The impact of Xpert on the number of patients initiated on treatment was weakened by inadequate linkage to anti-tuberculosis treatment for patients diagnosed with TB: 37% of Xpert-positive patients were not initiated on anti-tuberculosis treatment. This scenario has been reported in studies from other high-burden countries such as South Africa and Mozambique, where respectively 24% and 33% of patients diagnosed with TB using Xpert testing were not started on treatment.23,24 In those studies, the failure to link to anti-tuberculosis treatment was mainly due to difficulties in relaying sputum results back to peripheral health facilities from central laboratories. Although our study only included patients evaluated at the Xpert testing site, our findings highlight weaknesses within the health care system and the need to improve TB care processes to ensure linkage to treatment for all patients diagnosed with TB, even at health facilities where Xpert testing is located.
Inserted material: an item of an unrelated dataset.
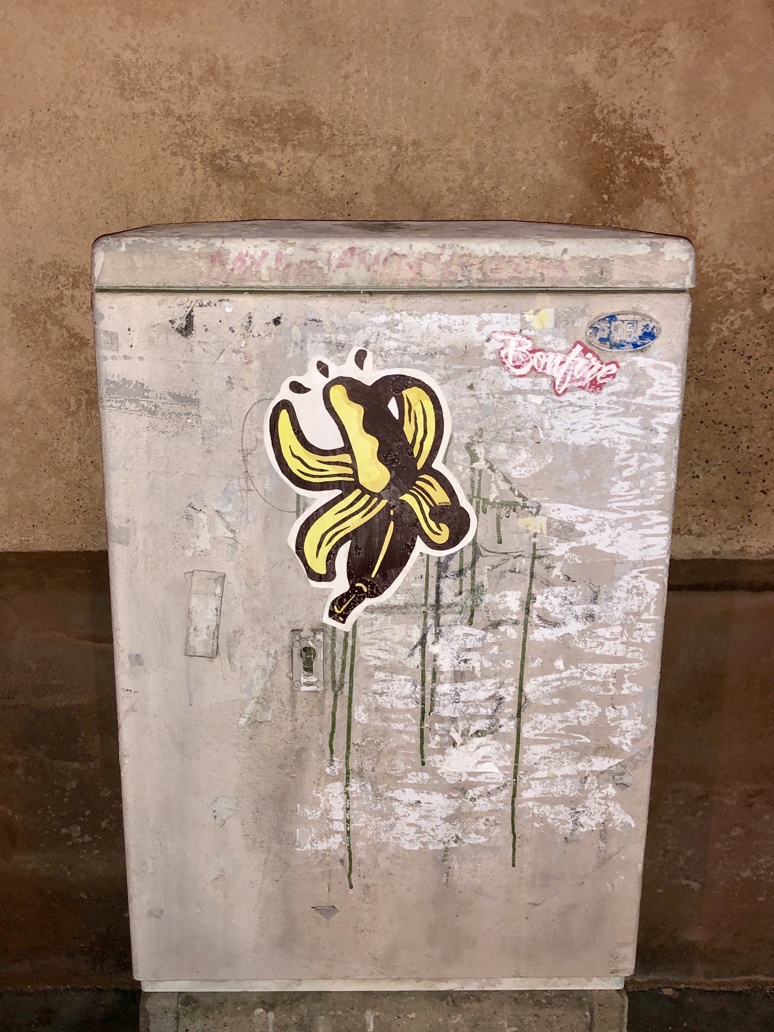 Collage Banana 2019/05 - Quais Saint-Nicolas Illustration digitale imprimée et collée sur un boîtier électrique moche. 9 Quai Saint-Nicolas, 67000 Strasbourg, France Itinéraire

Similar to findings from South Africa and Brazil, Xpert was associated with reduced time to TB treatment initiation.25,26 Although our study did not assess the impact of this improved time to treatment initiation on mortality from TB, other studies have shown that, despite more rapid treatment initiation, Xpert testing has not had an impact on patient mortality.22 This may be due to late presentation of TB patients to health facilities. In Uganda, the time between symptom onset and presentation to a health facility can be as long as 3 months.29

Our study had two main limitations. First, as this is a quasi-experimental pre-post study, the observed increase in TB treatment initiation could be attributed to other improvements in health care delivery, such as the training of health care workers or improved record-keeping between the two time periods. This limitation was minimised by keeping the period of analysis short. Second, the study data collected under routine programmatic conditions resulted in the exclusion of health facilities with incomplete patient records, which may have introduced bias into the study. However, despite these limitations, the study has shown the impact of the benefits of Xpert in reducing treatment initiation delays among smear-negative patients and highlighted improvements that could be made in health care delivery to achieve greater benefits from this test.

CONCLUSION

Xpert testing was associated with improvements in TB treatment initiation among smear-negative presumptive TB patients. Suboptimal utilisation and inadequate linkage to anti-tuberculosis treatment reduced the impact of Xpert testing. Health systems strengthening approaches that focus on improving utilisation and linkage to treatment for patients diagnosed with TB could improve the impact of this test on patient-centred outcomes.